### EXERCISE
Among the entries below, retype exactly the lines starting with the one with "A Petit Collage" and going on through the one with "Birchwood Casey Darkotic", but not the pictures.

### SUPPLIED MATERIAL
%%
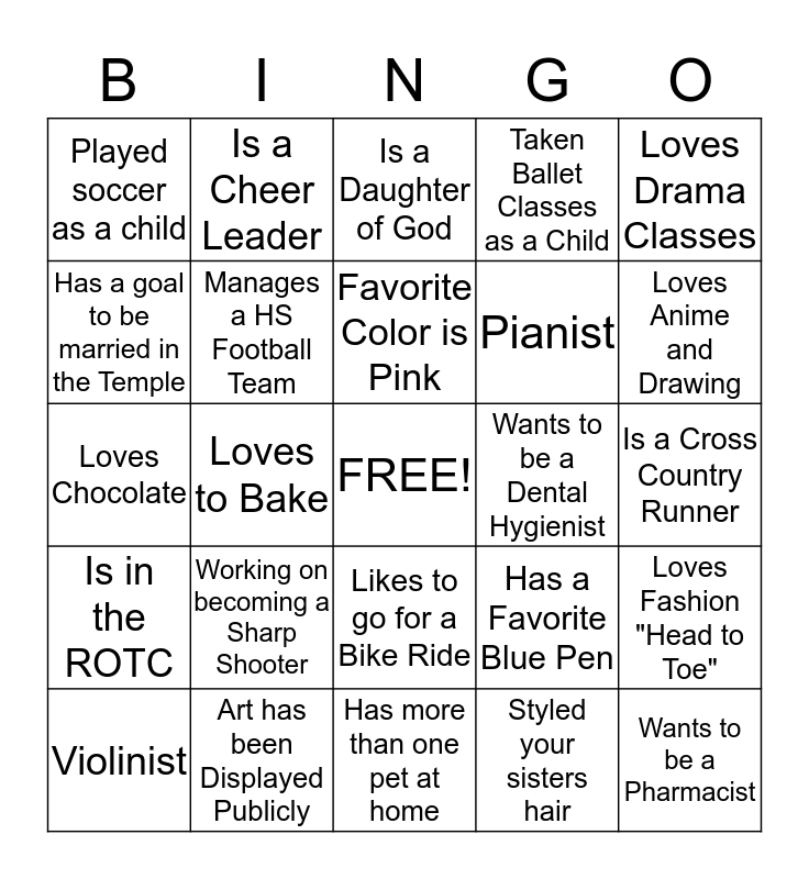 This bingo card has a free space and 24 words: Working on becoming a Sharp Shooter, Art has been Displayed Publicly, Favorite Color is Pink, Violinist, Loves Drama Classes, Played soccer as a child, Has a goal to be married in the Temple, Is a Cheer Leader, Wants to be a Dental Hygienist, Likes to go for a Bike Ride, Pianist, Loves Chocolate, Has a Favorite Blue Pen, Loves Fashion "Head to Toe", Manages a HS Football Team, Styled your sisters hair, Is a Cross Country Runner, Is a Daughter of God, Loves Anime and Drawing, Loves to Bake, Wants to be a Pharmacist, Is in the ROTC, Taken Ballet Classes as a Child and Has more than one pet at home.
%%
%%
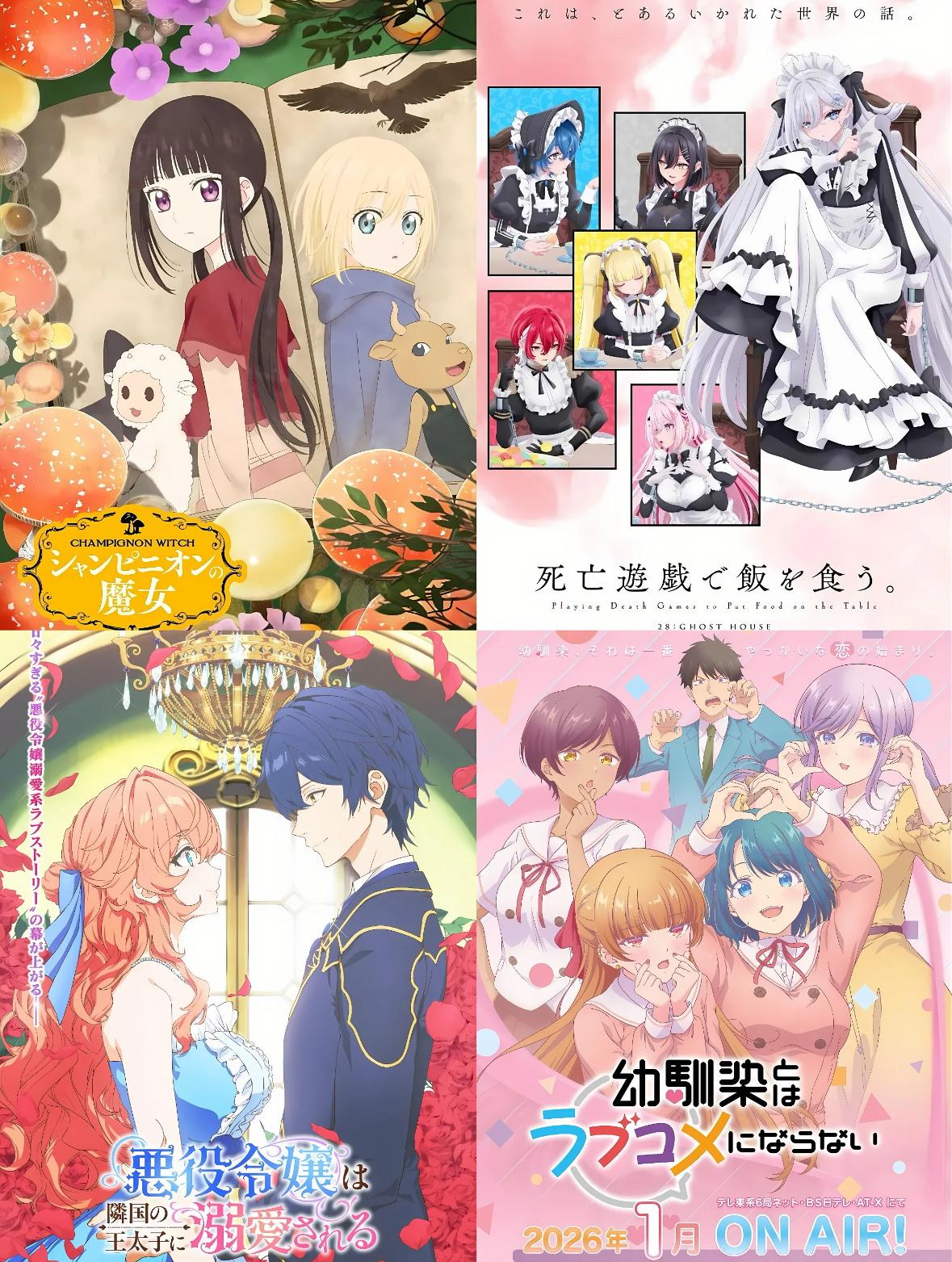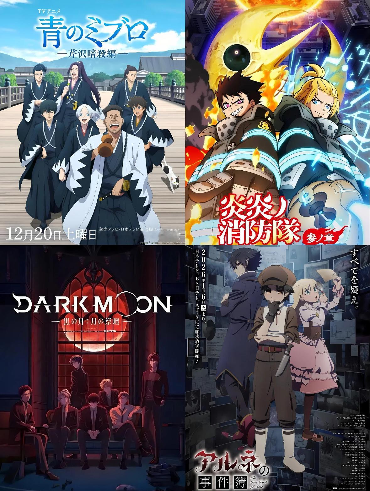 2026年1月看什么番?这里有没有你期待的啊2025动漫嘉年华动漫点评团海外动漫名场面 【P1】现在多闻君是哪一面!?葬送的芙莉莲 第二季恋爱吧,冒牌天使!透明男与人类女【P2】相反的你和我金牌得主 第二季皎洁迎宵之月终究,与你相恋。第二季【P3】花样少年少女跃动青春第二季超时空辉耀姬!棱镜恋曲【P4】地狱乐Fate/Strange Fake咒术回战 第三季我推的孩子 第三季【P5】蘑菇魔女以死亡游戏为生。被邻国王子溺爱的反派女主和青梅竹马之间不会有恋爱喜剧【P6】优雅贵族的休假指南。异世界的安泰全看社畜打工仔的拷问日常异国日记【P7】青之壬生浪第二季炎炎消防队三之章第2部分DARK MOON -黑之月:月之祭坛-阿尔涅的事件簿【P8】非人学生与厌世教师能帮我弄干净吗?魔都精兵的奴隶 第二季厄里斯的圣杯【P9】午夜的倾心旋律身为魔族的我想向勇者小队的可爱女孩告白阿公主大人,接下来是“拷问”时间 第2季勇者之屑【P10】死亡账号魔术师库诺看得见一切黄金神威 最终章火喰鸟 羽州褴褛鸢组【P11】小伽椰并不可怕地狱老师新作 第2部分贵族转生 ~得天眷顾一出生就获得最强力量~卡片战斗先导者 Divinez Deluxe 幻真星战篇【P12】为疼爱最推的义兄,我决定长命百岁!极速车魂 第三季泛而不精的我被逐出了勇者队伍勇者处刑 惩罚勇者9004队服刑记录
%%
%%
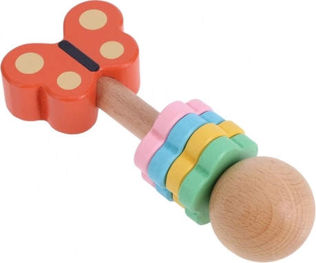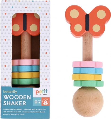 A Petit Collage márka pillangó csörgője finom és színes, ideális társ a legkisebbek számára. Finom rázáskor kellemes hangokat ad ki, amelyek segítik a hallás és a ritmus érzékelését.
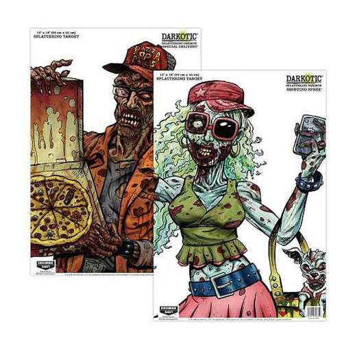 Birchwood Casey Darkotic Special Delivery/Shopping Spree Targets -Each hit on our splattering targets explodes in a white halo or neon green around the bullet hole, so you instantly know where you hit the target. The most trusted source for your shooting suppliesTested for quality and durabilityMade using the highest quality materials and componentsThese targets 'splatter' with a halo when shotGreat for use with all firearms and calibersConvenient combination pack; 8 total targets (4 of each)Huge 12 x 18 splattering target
%%
### OUTPUT OF THE TASK
 A Petit Collage márka pillangó csörgője finom és színes, ideális társ a legkisebbek számára. Finom rázáskor kellemes hangokat ad ki, amelyek segítik a hallás és a ritmus érzékelését.
 Birchwood Casey Darkotic Special Delivery/Shopping Spree Targets -Each hit on our splattering targets explodes in a white halo or neon green around the bullet hole, so you instantly know where you hit the target. The most trusted source for your shooting suppliesTested for quality and durabilityMade using the highest quality materials and componentsThese targets 'splatter' with a halo when shotGreat for use with all firearms and calibersConvenient combination pack; 8 total targets (4 of each)Huge 12 x 18 splattering target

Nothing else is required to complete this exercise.